Mittwoch, 30. Juli 2014

Pferdefuss und Küsse – Frau Herden machte mal Reiterhofferien

Letztens radelten wir an einem Reiterhof vorbei.
„Als junges Mädchen bin ich ja auch mal geritten“, erzählte ich meinem Sohn.
„Echt? Du?“, fragte der.
Etwas irritierte mich an der Betonung des Dus, aber das ignorierte ich.
„Na, klar. Ich wollte ja auch mal Indianer werden“, sagte ich.
„Du und Indianer“, lachte der Sohn.
„Lach nicht, sondern sei froh. Sonst hätte ich mir nicht so viel Mühe mit deinem Indianergeburtstag vor sechs Jahren gegeben.“ Das stimmte. Denn eigentlich – und mal ganz ehrlich – lebte ich da wohl auch etwas aus.


Ja, dachte ich, Indianer. Mit Pfeil und Bogen, Federn im langen schwarzen Haar, Lederhemd mit Perlen und Bändern und einem warmen Pferderücken unterm Hintern, der mich über die goldenen Weiten der Prärie getragen hätte.
Leise und inbrünstig hatte ich meine Kindheit hindurch das DDR-Kinderlied Der Indianerjunge vor mich hingesungen. Natürlich etwas modifiziert. „Als ich ein kleines Mädchen war / spielt´ ich oft in der Prärie / hörte Indianergeschichten so gern / diese Zeit vergess´ ich nie / Ich schoss mit Pfeil und Bogen wie sie / trug Mokassins am Bein / und abends schlief ich dann ganz allein / am Lagerfeuer ein.” Das singe ich übrigens heute noch ganz gerne leise vor mich hin.
Mein lieber Herr Papa unterstützte das Ganze in so fern, als dass er von mir und meiner Schwester im Falle von Unwohlsein, Krankheit oder einer Verletzung verlangte, die Indianermethode anzuwenden: Hand drauf und gut. Dass Indianer sehr wohl auch Schmerzen empfinden, wusste ich damals noch nicht.
Irgendjemand sagte mir dann, dass ich kein Indianer werden könne, weil das gar kein Beruf wäre. Schade, dachte ich und legte traurig meinen selbstgebastelten Federschmuck in die unterste Schublade.
Viel später auf einem Rave in einem Reservat in Arizona hätte ich dann doch einer werden können. Zumindest Indianerin. Aber ich hatte traurig das verschwitzte Shirt mit den schreiend bunten Pilzen darauf, das verstrubbelte Haar und die um einen Fixpunkt ringenden braunen Augen meines Gegenübers betrachtet und beschlossen, noch etwas zu tanzen, irgendwie den Rausch zu überstehen und dann wieder nach Hause zu fahren.

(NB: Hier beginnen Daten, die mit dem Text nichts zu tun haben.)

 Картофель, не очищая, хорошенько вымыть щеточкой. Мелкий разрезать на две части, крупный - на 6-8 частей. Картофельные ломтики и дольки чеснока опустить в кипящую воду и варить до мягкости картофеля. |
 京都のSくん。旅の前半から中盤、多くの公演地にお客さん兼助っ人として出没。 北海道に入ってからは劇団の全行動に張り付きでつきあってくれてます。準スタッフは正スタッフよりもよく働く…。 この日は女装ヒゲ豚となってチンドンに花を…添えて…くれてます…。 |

Trotzdem hatte ich mich viele Jahre zuvor sehr gefreut, als mir meine Eltern Reitstunden anboten. Sogar eine Woche Reiterferien fanden in den Monaten meines dreizehnjährigen Lebens statt, die ich nach Pferd und Stall roch. Genau diese Reiterferien waren dann auch das schmerzhafte Ende dieser Zeit. Das Pferd, das ich reiten durfte und als Ausgleich zu pflegen hatte, quetschte mich in seiner Box ein und zertrat mir auf sehr unangenehme Weise den Fuß.
Dennoch erinnere ich diese Reiterferien mit einem Lächeln. In der Pension wohnte nämlich ein Junge im Nachbarzimmer. Der lud mich eines Abends zum Knutschen ein. Ich fand das nett, obwohl mich etwas verwunderte, dass ein 14Jähriger Reiterferien machte. Der Einladung am zweiten Abend folgte ich dann auch nicht mehr. Er hatte etwas sehr Blödes gesagt: “Du bist wirklich aus der DDR (die gab es damals noch)? Ich dachte immer, dort gäbe es nur hässliche Dinge.” Nun ja, …
Erst später kam mir der Gedanke, dass es eigentlich eine unglaublich clevere Idee war, als 14jähriger Junge Reiterferien zu machen. Wo sonst fand man eine derartige Dichte romantischer und kusswilliger 13jähriger Mädchen vor?

Mein Sohn warf noch einen scheelen Blick auf den Reiterhof. “Für mich wäre das ja nix”, sagte er und stieg wieder auf sein Rad.
“Na, wenn du nicht willst”, sagte ich, trat in die Pedale und sang fröhlich ein Liedchen vor mich hin.